Indeed, a new study in the journal Health Affairs, by A. Jay Holmgren, Vaishali Patel, and Julia Adler-Milstein, found that fewer than 30% of the 3,538 American hospitals surveyed could interact with other medical systems on four key “domains” of EHR interoperability—finding a patient’s records, sending them electronically and securely to another medical institution, receiving new patient data, and integrating that information back into the patient’s electronic record. The research team also tracked progress on this front between 2014 and 2015 and found that EHR integration efforts were “substantially slower” than in the previous five years. In other words, whatever policies are in place to catalyze this effort, they ain’t working.

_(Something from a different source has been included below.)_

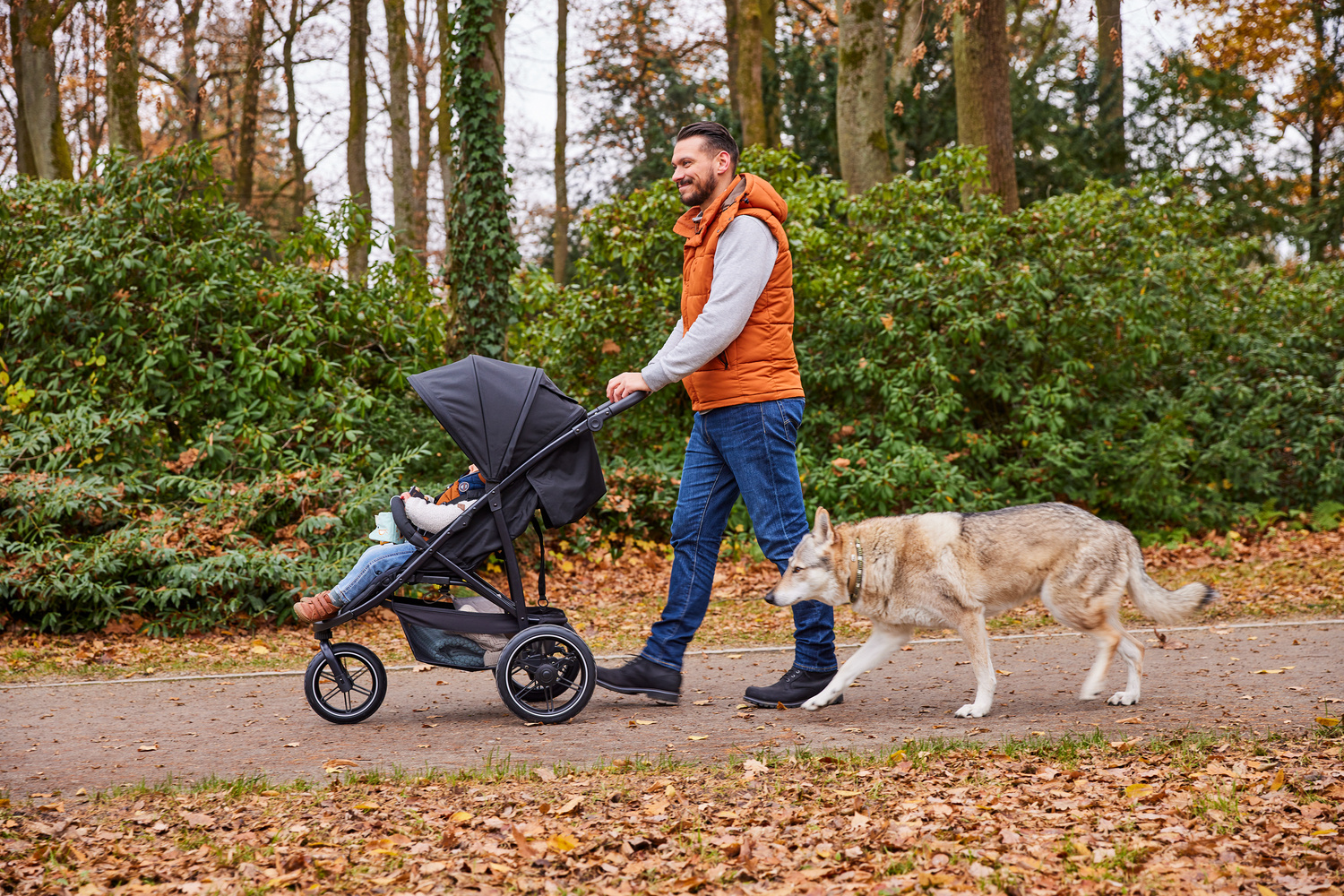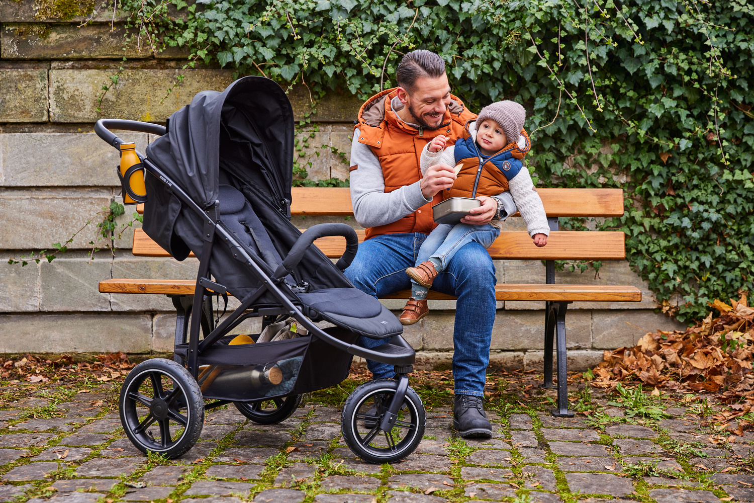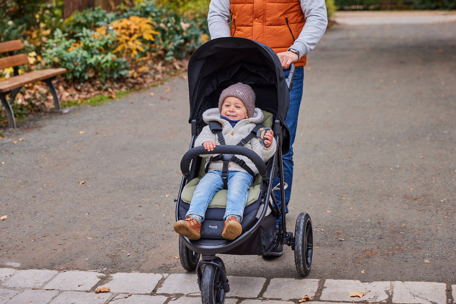 Terénní kočárek // Vhodný do města i do lesa – 3 nafukovací kola se zadním odpružením zajistí pohodlnou jízdu i na nerovném terénu.

And it’s not just hospitals where such interoperability is essential—and lagging. As HIMSS (Healthcare Information Management Systems Society) frames it: “Data exchange schema and standards should permit data to be shared across clinician, lab, hospital, pharmacy, and patient regardless of the application or application vendor.”

Sure, it’s sensitive stuff—and having it land in the wrong hands would be scary. But then you could say the same thing about your cash.